Communism was doomed from its inception. Adherents who sneered at the "invisible hand" saw a mysterious invisible force in history that picked its fights toward an idyllic endpoint of incentive-less, motiveless production of peace and wealth, leaving behind a path littered with the bodies of those poor souls only placed on this earth to facilitate as antagonists to communism's great march. This strange, murderous idealism violated all the laws of human reality yet staggered on, storming trenches, deracinating appropriate families, and slashing and burning the present to plant the seeds of the future. It is said that it attracted the idealist--but who could say its mayhem and murderous creed was, in any way, idealistic? No, it attracted the foolish, the embittered, the cynically ambitious, the irrational, and the overtly psychopathic, who unsurprisingly rose in its hierarchy. But eventually, after years of misery and death, the cause flagged, failed, and died.
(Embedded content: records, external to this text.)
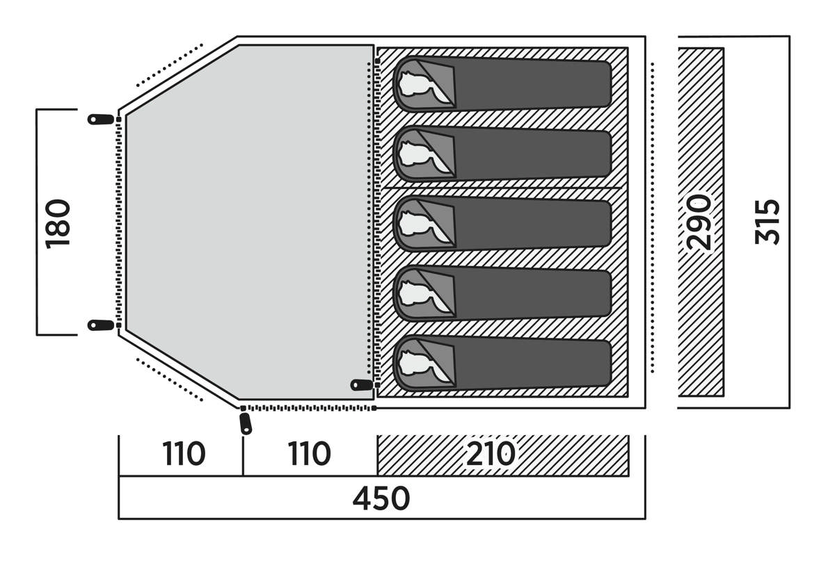 Kompakt tunneltält för 5 personer – Ståhöjd, idealiskt för familjer och vänner. Större förtält med avtagbar golvduk. Förberett för Twinflower Tent Light LED-remsa (säljs separat). Packas kompakt utan golvduk.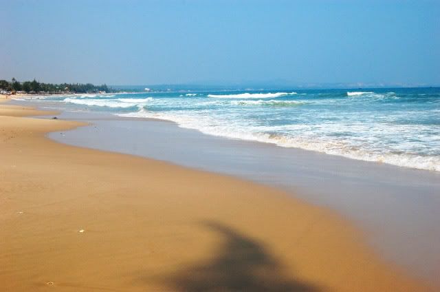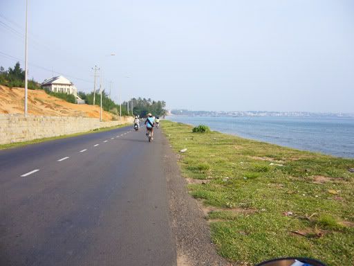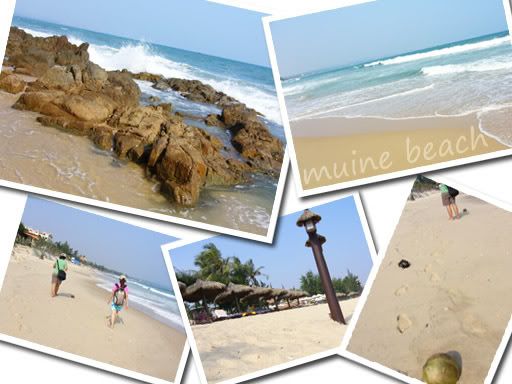 吃完聊完后,还剩下整个下午。我们决定了再租摩托车出游,这次要去找梅内的沙滩。但是我们5人当中只有2人会骑摩托,而且摩托车只能坐最多两人。没办法,跟Hai Yen租了两辆摩托,分两趟载。我们跟着地图,往南行驶。每隔几公里,我们就停下来等其中一人回去载剩下的kevin。 这样的行程重复了3次,终于我们停在梅内南部的海边。泊好摩托车,我们就步行走进去梅内的海滩。其实这里的海滩都被酒店买下,只有从旁边绕道进来,才可以来到这里的海边。来了两天,现在才发现梅内的海滩还真的不错。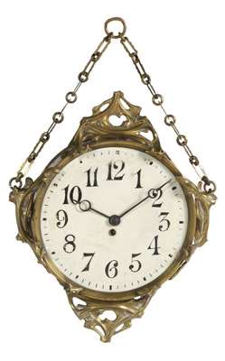 brass cased, the circular painted dial within cylindrical case decorated with cast whiplash foliage, hanging chain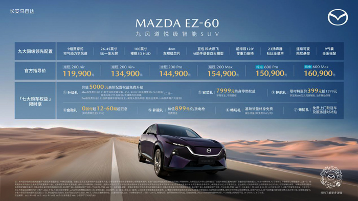 9月27日,长安马自达首款全球战略级新能源 SUV-MAZDA EZ-60(下称“EZ-60”)在海南区域正式上市,新车推出纯电、增程两大动力版本共6款车型,官方指导价11.99万元-16.09万元。截至10月31日,购买EZ-60 MAX 版的消费者可享价值5000元高阶配置二选一:无论是搭配255/40 R21米其林竞驰4 SUV轮胎的21英寸深凹花瓣轮毂,还是兼具科技感与实用性的高清AI电子外后视镜+流媒体内后视镜,均能满足不同用户的个性化需求;而Pro版用户则可免费升级23扬声器豪华音响系统,主副驾头枕扬声器加持下的杜比全景声与HiFi原声效果,打造移动影音座舱。此外,金融礼支持0首付起、12-60期超低息方案(年均费率低至1.99%),极大降低购车门槛;补能礼赠送适配海南户外露营、环岛自驾的充/放电枪;无忧礼提供全城免费上门取送车及服务延时补贴,从购车到用车全周期守护用户体验。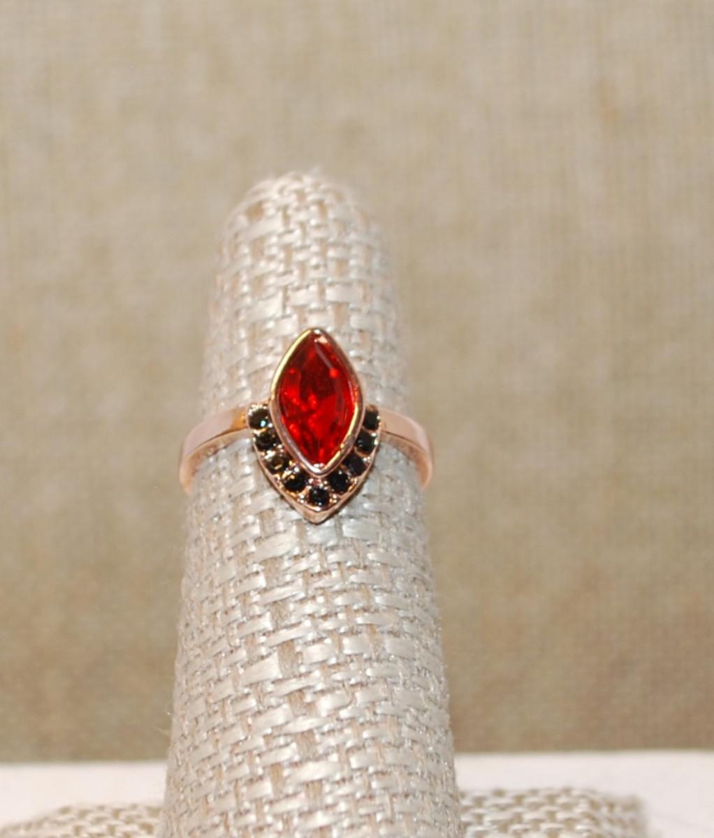 Size 6 Red Marquise Cut Stone Ring & 9 Black Accent Stones on a Gold Tone Band (3.0g)

The death of communism was perfectly predictable, and those critics who predicted it can be rightfully proud. But they must be surprised by its stubborn death throes. How many people were drafted into its horrible, morbid experiment? How many had to die to prove this was a stupid, unworkable, and unnatural pipe-dream? And what are the responsibilities of those clear-thinking observers who coolly watched this nightmare without interfering? After all, it took the Russian communist state three generations to die.

And how should those people react when confronted with communism's new iterations, like socialism and Nazism?